Turkey plays a special role in the Ukraine war: On the one hand, the country is a member of NATO, which is clearly on the side of Ukraine. On the other hand, Turkish President Recep Tayip Erdogan has established close ties between his country and Russia and its President Vladimir Putin.

Turkey’s reaction to the Russian war of aggression against Ukraine was therefore muted. For example, the country did not join the US and EU sanctions against Russia, but supplied arms to Ukraine and blocked the Bosphorus and Dardanelles from the passage of Russian warships. With this approach, Erdogan’s government is trying to do justice to both its NATO allies and what is happening in Ukraine, as well as its ally in the Kremlin.
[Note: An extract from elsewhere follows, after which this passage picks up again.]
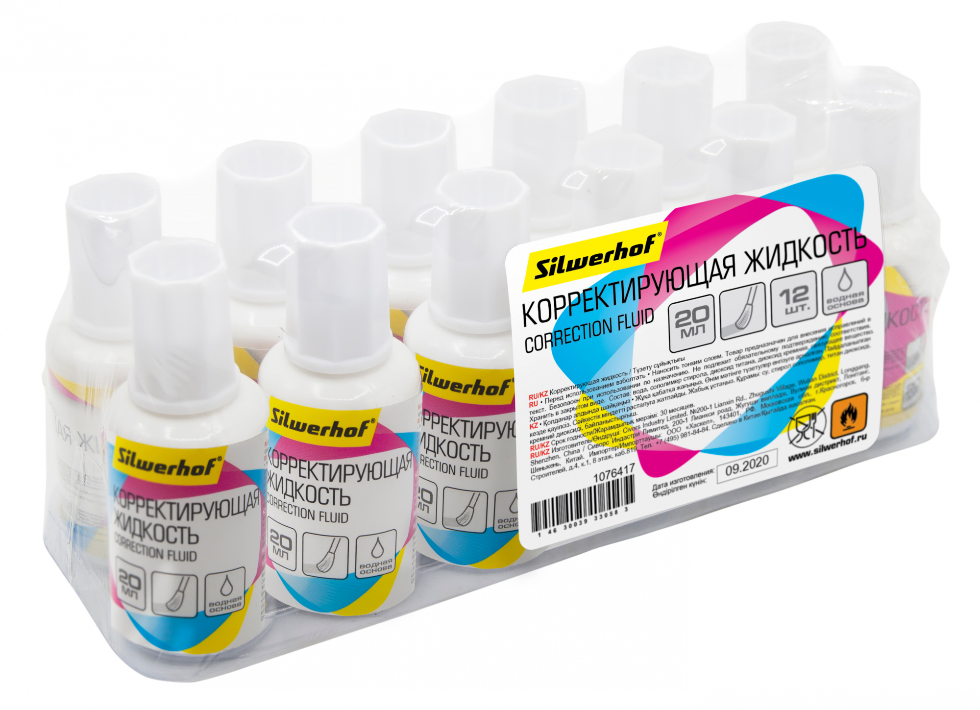 Жидкость коррект. Silwerhof 443030 на водной основе кисточка белый 20мл

A difficult undertaking, the experts from the Ankara office of the Konrad Adenauer Foundation (KAS) also analyze in a paper available to Business Insider. “Turkey is dependent on Russia in terms of security policy, energy policy and the economy and is therefore trying to adopt a balanced approach,” it says. The country is trying to gradually reduce its one-sided dependencies on Moscow. “Due to the complicated domestic political situation and the serious economic crisis in Turkey, a massive change of course, including a connection to the US and EU sanctions of the current government under President Recep Tayyip Erdogan, is not to be expected without concrete protection and support from the West.”

About Turkey’s special role in the Ukraine conflict:

According to the KAS paper, Turkey has long taken a hard line against war veterans Russia, especially in the Syrian war. Since 2015, however, there has been a “dramatic rapprochement” and “unprecedented cooperation” between the countries. However, this newly developed cooperation would now be put to the test by the Ukraine war, especially since Turkey has clearly acknowledged the territorial sovereignty of Ukraine since Russia annexed Crimea.

Nevertheless, “the mutual dependencies, especially in the energy sector, and the good personal
relations between Vladimir Putin and Recep Tayyip Erdoğan have made it possible to maintain constructive relations despite many difficulties,” write the KAS experts. Turkey’s approaches to Russia in recent years are of a tactical nature and should be understood more as a “self-confident appearance of a regional power” than as “Turkey’s reorientation towards Russia”. In the medium term, Moscow will remain Ankara’s biggest strategic competitor. The longer the Ukraine war goes on, the more difficult it will be for Turkey to maintain strategic balance with Russia.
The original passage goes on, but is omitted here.